# Late start



## MrFish (Aug 21, 2009)

Had to bag up and offload a bunch of shrimp this morning, so later start than I prefer. Did have beer breaks during the shrimp sale, so on schedule with that part. Baby back, pineapple sausage, jalapeño cheddar sausage, wings and a couple birds. Had to try out the Eggspander.


----------



## jack2 (Mar 19, 2010)

why do you post this shit? every time i see your pics i go to the freezer and start pulling out shit to grill.
jack


----------



## yz250fridin (Feb 27, 2013)

I about bought one the other weekend. Let us know how you like it. Guessing from most things egg it will be good.

Good looks good also.


Sent from my iPhone using Tapatalk


----------



## MrFish (Aug 21, 2009)

yz250fridin said:


> I about bought one the other weekend. Let us know how you like it. Guessing from most things egg it will be good.
> 
> Good looks good also.
> 
> ...


Used it a couple times this weekend. I think it's a necessity like the plate setter.


----------



## MrFish (Aug 21, 2009)




----------



## lastcast (Oct 12, 2007)

What Shrimp?


----------



## jack2 (Mar 19, 2010)

MrFish said:


> View attachment 1091277


that's a big long one. looks like it hasn't been sucked on enough.
jack


----------



## MrFish (Aug 21, 2009)

lastcast said:


> What Shrimp?


Sold some shrimp for a Krewe fundraiser. Raised by Auburn here in Gulf Shores. Gonna have a butt fundraiser at some point in the future.


----------



## MrFish (Aug 21, 2009)




----------



## halo1 (Oct 4, 2007)

MrFish said:


> View attachment 1091277


fish has a trap set up! hes ready for them yeller flies ! If they survive the yeller swatter he’s gonna water board them with beer from the yeller can! Well done sir! Food looks awesome also!


----------



## halo1 (Oct 4, 2007)

MrFish said:


> Sold some shrimp for a Krewe fundraiser. Raised by Auburn here in Gulf Shores. Gonna have a butt fundraiser at some point in the future.

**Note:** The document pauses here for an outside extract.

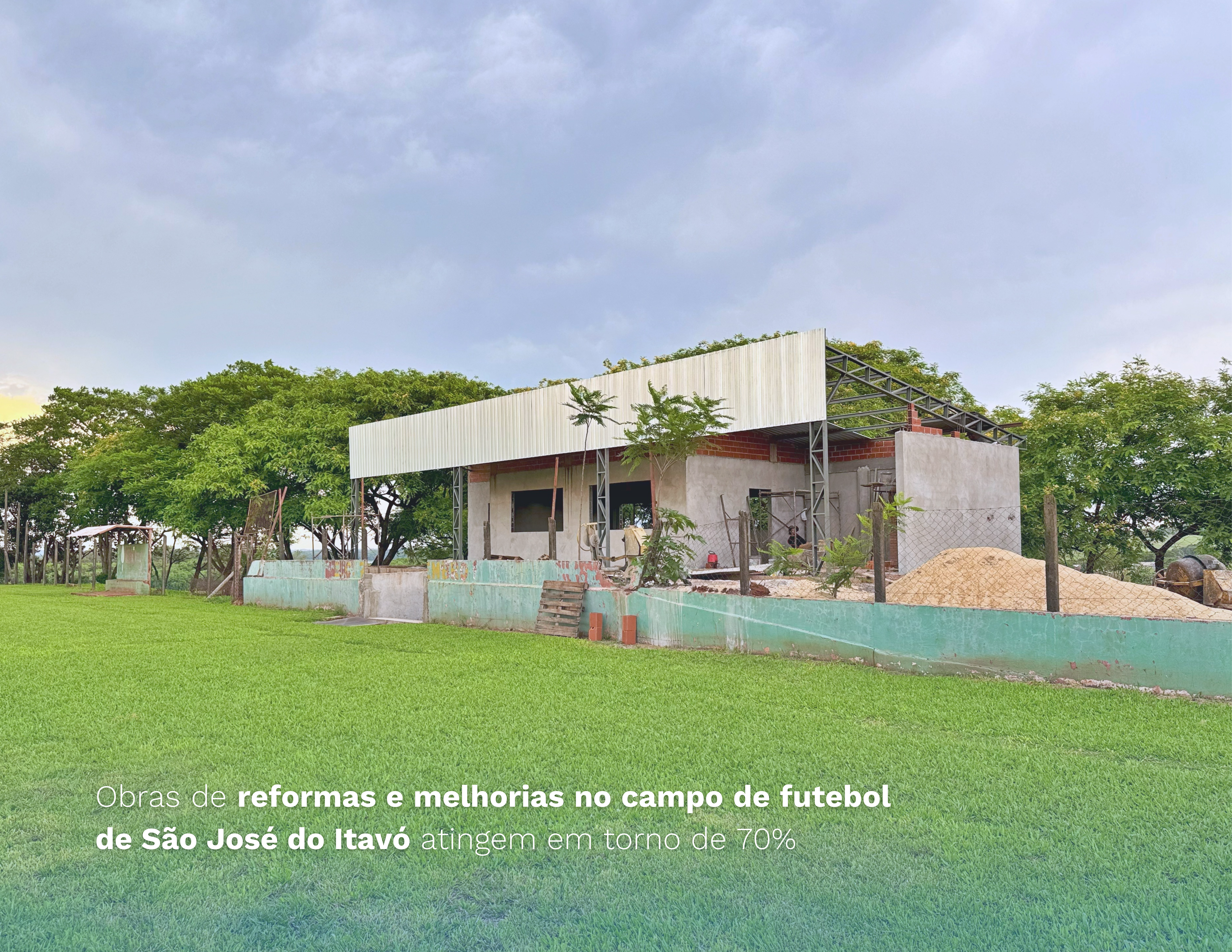 A comunidade do Distrito de são José do Itavó acompanha com expectativa o avanço das obras de reformas e melhorias no campo de futebol. As obras terão uma área construída de 262,74 m2 contemplando copa, cozinha, banheiros, vestiários, sala para árbitros, além da troca de alambrado com mais de 1.000 m2, banco de reservas, traves novas e pintura de arquibancada.

You do realize you u can’t use aub and butt in the same paragraph? it just gives us bammers and sec fans more fuel !👍


----------



## MrFish (Aug 21, 2009)

halo1 said:


> fish has a trap set up! hes ready for them yeller flies ! If they survive the yeller swatter he’s gonna water board them with beer from the yeller can! Well done sir! Food looks awesome also!


Killed about 10 this afternoon.


----------



## MrFish (Aug 21, 2009)

I'd been taking a trophy home today iffin I was in a competition.


----------



## finfever61 (Oct 5, 2007)

jack2 said:


> that's a big long one. looks like it hasn't been sucked on enough.
> jack


im surprised Split hasn’t replied to this post….


----------



## hjorgan (Sep 30, 2007)

Dammit I just ate and now I'm hungry again


----------



## jaster (Oct 7, 2007)

What size egg? I got one of those with my egg 3 years ago... its in the box in the garage still.... been meaning to use it


----------



## MrFish (Aug 21, 2009)

jaster said:


> What size egg? I got one of those with my egg 3 years ago... its in the box in the garage still.... been meaning to use it


XL


----------